This Privacy Policy applies to merchants, account holders, business representatives, directors, beneficial owners, authorised users, developers, website visitors, customers who pay through Storrik-powered checkout experiences, and other people whose personal information is handled through the Services.

By accessing or using the Services, submitting information to Storrik, creating an account, completing onboarding, using Storrik checkout, communicating with us, or otherwise interacting with Storrik, you acknowledge that we may handle personal information as described in this Privacy Policy.

1. Who we are

Storrik is operated by Storrik (ABN 84 916 006 495), trading as Storrik.

In this Privacy Policy, Storrik, we, us, and our mean Storrik (ABN 84 916 006 495), its related bodies corporate, officers, employees, contractors, agents, successors, and assigns.

Contact details:

Email: privacy@storrik.com Support: support@storrik.com

2. Key definitions

In this Privacy Policy:

Account means a Storrik account, merchant account, organisation account, connected account, dashboard account, API account, or other account made available through the Services.

Customer means a person or entity that purchases goods, services, subscriptions, digital products, licences, or other offerings from a merchant using Storrik.

Merchant means a business, seller, platform user, organisation, account holder, or other person or entity using Storrik to accept, manage, or monitor payments.

Payment Processor means any bank, acquirer, card network, processor, payment facilitator, financial institution, settlement provider, identity verification provider, fraud provider, compliance provider, or third-party payment service provider used to provide or support the Services.

Personal information means information or an opinion about an identified individual, or an individual who is reasonably identifiable, whether true or not and whether recorded in a material form or not.

Services means Storrik’s websites, dashboard, APIs, checkout, onboarding, payment tools, reporting tools, developer tools, fraud tools, support, communications, documentation, and related products.

3. Personal information we collect

The personal information we collect depends on how you interact with Storrik, the Services you use, your role, your location, your business type, and the information required by law, Payment Processors, card networks, banks, or risk controls.

We may collect the following categories of information.

4. Account and identity information

When you create or use an Account, we may collect:

  1. name;
  2. email address;
  3. phone number;
  4. username;
  5. password or authentication credentials;
  6. passkey or multi-factor authentication information;
  7. profile picture;
  8. role, permissions, and team access details;
  9. session information;
  10. device information;
  11. login history;
  12. security settings; and
  13. account preferences.

5. Business and merchant information

For Merchants and business representatives, we may collect:

  1. legal business name;
  2. trading name;
  3. business address;
  4. business email and phone number;
  5. website and product URLs;
  6. business description;
  7. industry, category, or merchant category code;
  8. country of registration or operation;
  9. company, trust, partnership, sole trader, or organisation details;
  10. ABN, ACN, company number, tax number, registration number, or similar identifiers;
  11. director, officer, controller, shareholder, beneficial owner, trustee, partner, or representative details;
  12. business documents;
  13. ownership and control information;
  14. expected processing volume;
  15. transaction history;
  16. fulfilment model;
  17. refund and cancellation policies;
  18. risk and compliance information;
  19. payout settings; and
  20. other information needed to onboard, verify, review, or support the business.
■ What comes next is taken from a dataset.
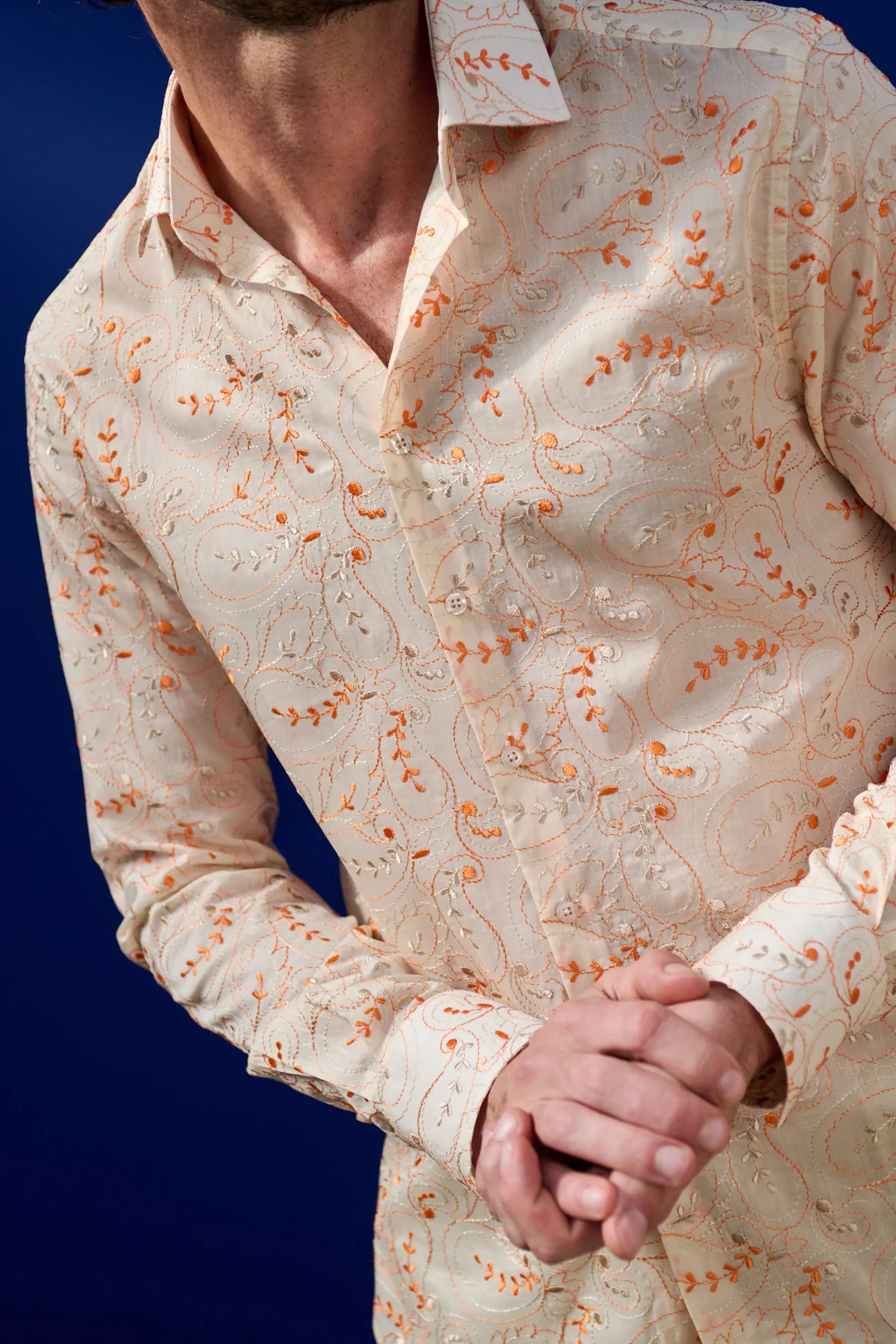 Légèreté du Voile de coton ! Les fines broderies oranges flirtent avec les broderies beiges pour laisser l'impression d'un raffinement extrême. Une histoire à part.

6. Verification and compliance information

To meet legal, risk, Payment Processor, card network, fraud prevention, anti-money laundering, counter-terrorism financing, sanctions, identity verification, and onboarding requirements, we may collect:

  1. date of birth;
  2. residential address;
  3. nationality;
  4. citizenship;
  5. government-issued identity document details;
  6. document images;
  7. identity verification results;
  8. proof of address;
  9. bank account ownership evidence;
  10. business registration documents;
  11. beneficial ownership information;
  12. politically exposed person or sanctions screening results where applicable;
  13. watchlist screening results where applicable;
  14. fraud and risk signals;
  15. source of funds or source of wealth information where required;
  16. supplier, inventory, fulfilment, or delivery evidence;
  17. dispute and chargeback evidence; and
  18. other information required by law, Payment Processors, banks, card networks, regulators, or our risk controls.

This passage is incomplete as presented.